[Extracted data entries]
-- -- --

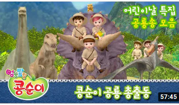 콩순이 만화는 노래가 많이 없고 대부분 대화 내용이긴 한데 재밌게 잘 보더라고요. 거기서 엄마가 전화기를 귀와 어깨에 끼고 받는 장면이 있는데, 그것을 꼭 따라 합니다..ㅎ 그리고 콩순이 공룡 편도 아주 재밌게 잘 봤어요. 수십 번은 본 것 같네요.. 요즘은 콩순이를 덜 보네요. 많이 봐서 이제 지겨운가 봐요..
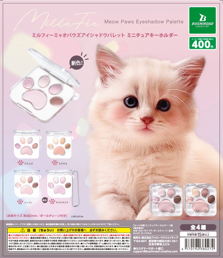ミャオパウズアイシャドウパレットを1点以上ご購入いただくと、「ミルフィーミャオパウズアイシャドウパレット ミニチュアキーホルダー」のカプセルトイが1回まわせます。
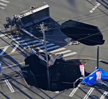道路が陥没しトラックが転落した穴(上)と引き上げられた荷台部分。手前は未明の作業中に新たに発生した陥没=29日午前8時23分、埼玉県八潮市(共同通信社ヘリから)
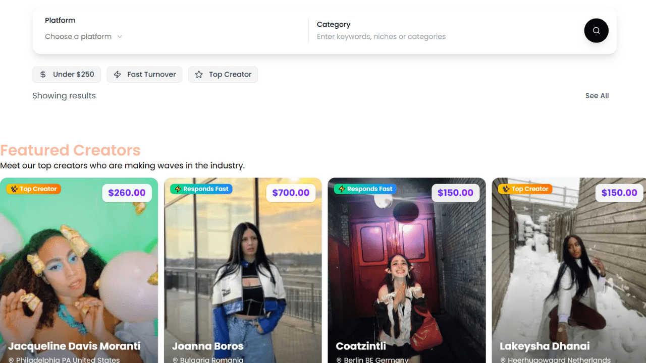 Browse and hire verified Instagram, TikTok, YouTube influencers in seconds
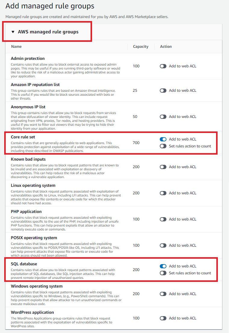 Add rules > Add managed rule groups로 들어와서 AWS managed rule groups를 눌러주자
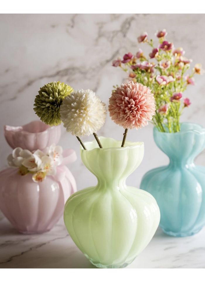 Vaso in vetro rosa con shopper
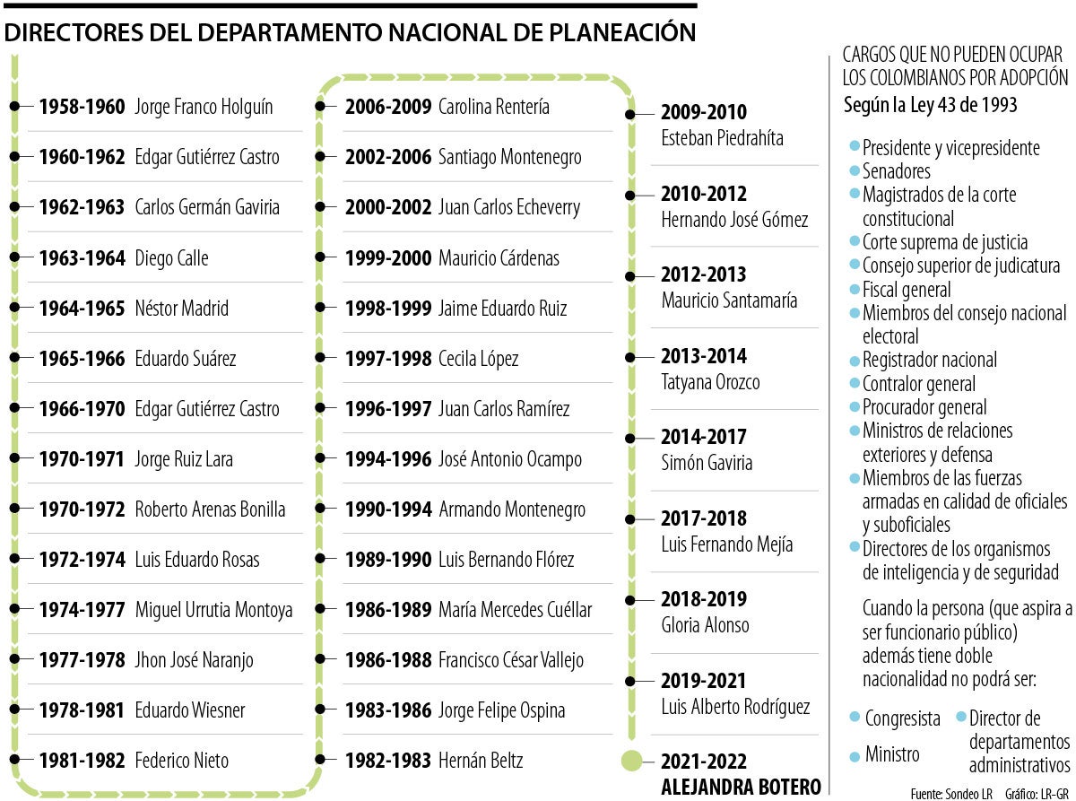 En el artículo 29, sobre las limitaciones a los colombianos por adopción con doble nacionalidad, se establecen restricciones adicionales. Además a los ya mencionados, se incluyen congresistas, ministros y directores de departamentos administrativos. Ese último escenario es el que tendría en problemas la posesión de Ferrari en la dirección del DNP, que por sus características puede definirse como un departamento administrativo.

-- -- --

Try it: The answer should consist only of the lines above from the one with "Browse and hire" through the one with "Vaso in vetro rosa con shopper", repeated exactly, with no pictures among them.

Task solution:
 Browse and hire verified Instagram, TikTok, YouTube influencers in seconds
 Add rules > Add managed rule groups로 들어와서 AWS managed rule groups를 눌러주자
 Vaso in vetro rosa con shopper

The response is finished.